*** Opening of Collected material ***
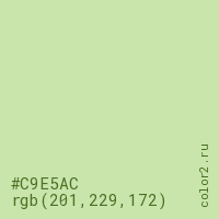 Цвет #C9E5AC в цветовой модели RGB обозначается тремя октетами (201, 229, 172) в десятичном формате и #C9E5AC в шестнадцатиричном (hex) формате, которые являются интенсивностью красного 201 (hex C9), интенсивность зелёного 229 (hex E5) и интенсивность синего 172 (hex AC).
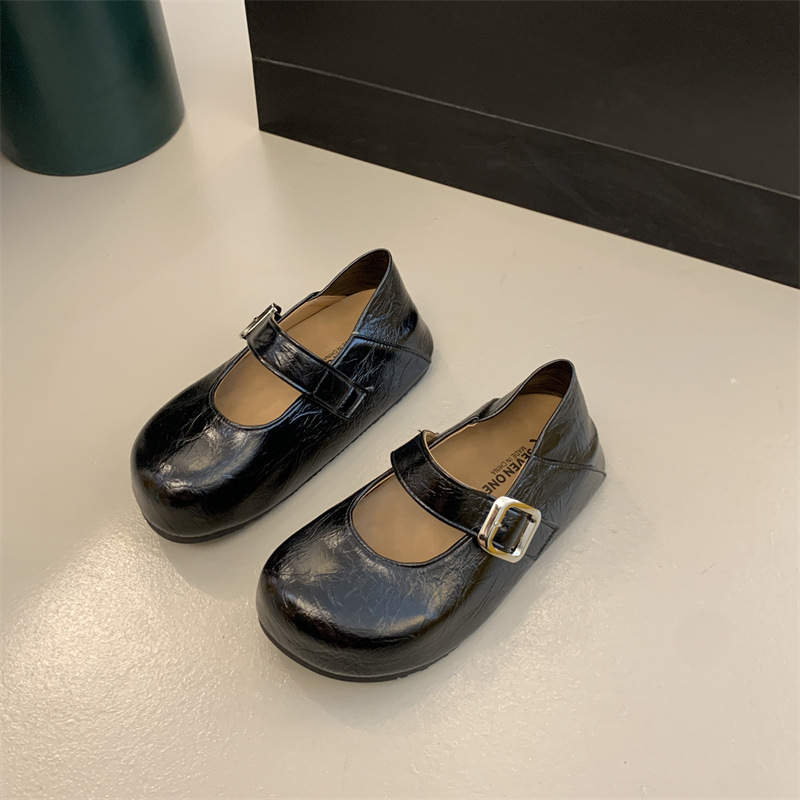 스커트가 있는 여성용 모리 스타일 플랫 슈즈 2025 봄 신작 원라인 버클 부드러운 가죽 부드러운 밑창 메리 제인 슈즈
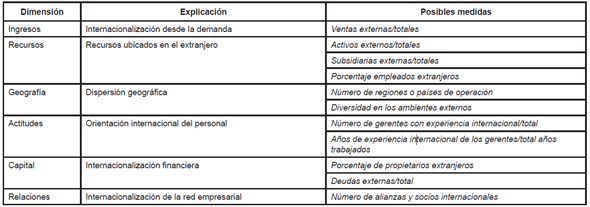 El perfil de internacionalización indica que tan internacional es una empresa, y a diferencia de la naturaleza cualitativa de la competitividad internacional ex ante, se calcula a partir de indicadores cuantitativos. Aunque tanto la UNCTAD con su TNI, como las medidas de grado de internacionalización (DOI por sus siglas en inglés) resumidas por Sullivan (1994) ofrecen aproximaciones a la medición de la internacionalización, se consideran inapropiadas para medir la competitividad internacional, pues medidas como la intensidad exportadora no necesariamente implican mayor rentabilidad o mejor imagen para la compañía. Cerrato y Depperu (2011) identifican 6 dimensiones medibles que se resumen en la Tabla 2.
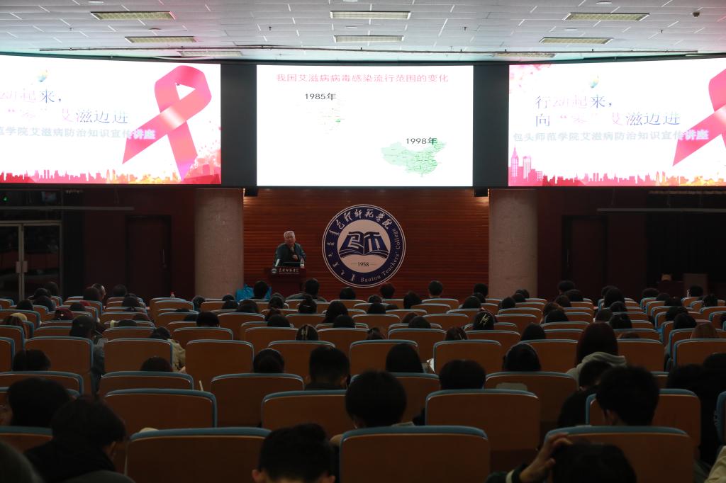 在世界艾滋病日即将到临之即,校医院特别邀请包头市艾滋病协会会长、包头市疾控中心主任高建权来我校集中开展艾滋病宣传教育,旨在增强我校学生对艾滋病危害性的认识,了解艾滋病的传播途径、发病机理和症状,以更好地遏制艾滋病的传播和蔓延,提高防范意识以及自觉抵御艾滋病各种传播渠道的能力。
*** Close of Collected material ***
Try it => Write out the material exactly as it stands, omitting every picture.

Exercise answer =>
 Цвет #C9E5AC в цветовой модели RGB обозначается тремя октетами (201, 229, 172) в десятичном формате и #C9E5AC в шестнадцатиричном (hex) формате, которые являются интенсивностью красного 201 (hex C9), интенсивность зелёного 229 (hex E5) и интенсивность синего 172 (hex AC).
 스커트가 있는 여성용 모리 스타일 플랫 슈즈 2025 봄 신작 원라인 버클 부드러운 가죽 부드러운 밑창 메리 제인 슈즈
 El perfil de internacionalización indica que tan internacional es una empresa, y a diferencia de la naturaleza cualitativa de la competitividad internacional ex ante, se calcula a partir de indicadores cuantitativos. Aunque tanto la UNCTAD con su TNI, como las medidas de grado de internacionalización (DOI por sus siglas en inglés) resumidas por Sullivan (1994) ofrecen aproximaciones a la medición de la internacionalización, se consideran inapropiadas para medir la competitividad internacional, pues medidas como la intensidad exportadora no necesariamente implican mayor rentabilidad o mejor imagen para la compañía. Cerrato y Depperu (2011) identifican 6 dimensiones medibles que se resumen en la Tabla 2.
 在世界艾滋病日即将到临之即,校医院特别邀请包头市艾滋病协会会长、包头市疾控中心主任高建权来我校集中开展艾滋病宣传教育,旨在增强我校学生对艾滋病危害性的认识,了解艾滋病的传播途径、发病机理和症状,以更好地遏制艾滋病的传播和蔓延,提高防范意识以及自觉抵御艾滋病各种传播渠道的能力。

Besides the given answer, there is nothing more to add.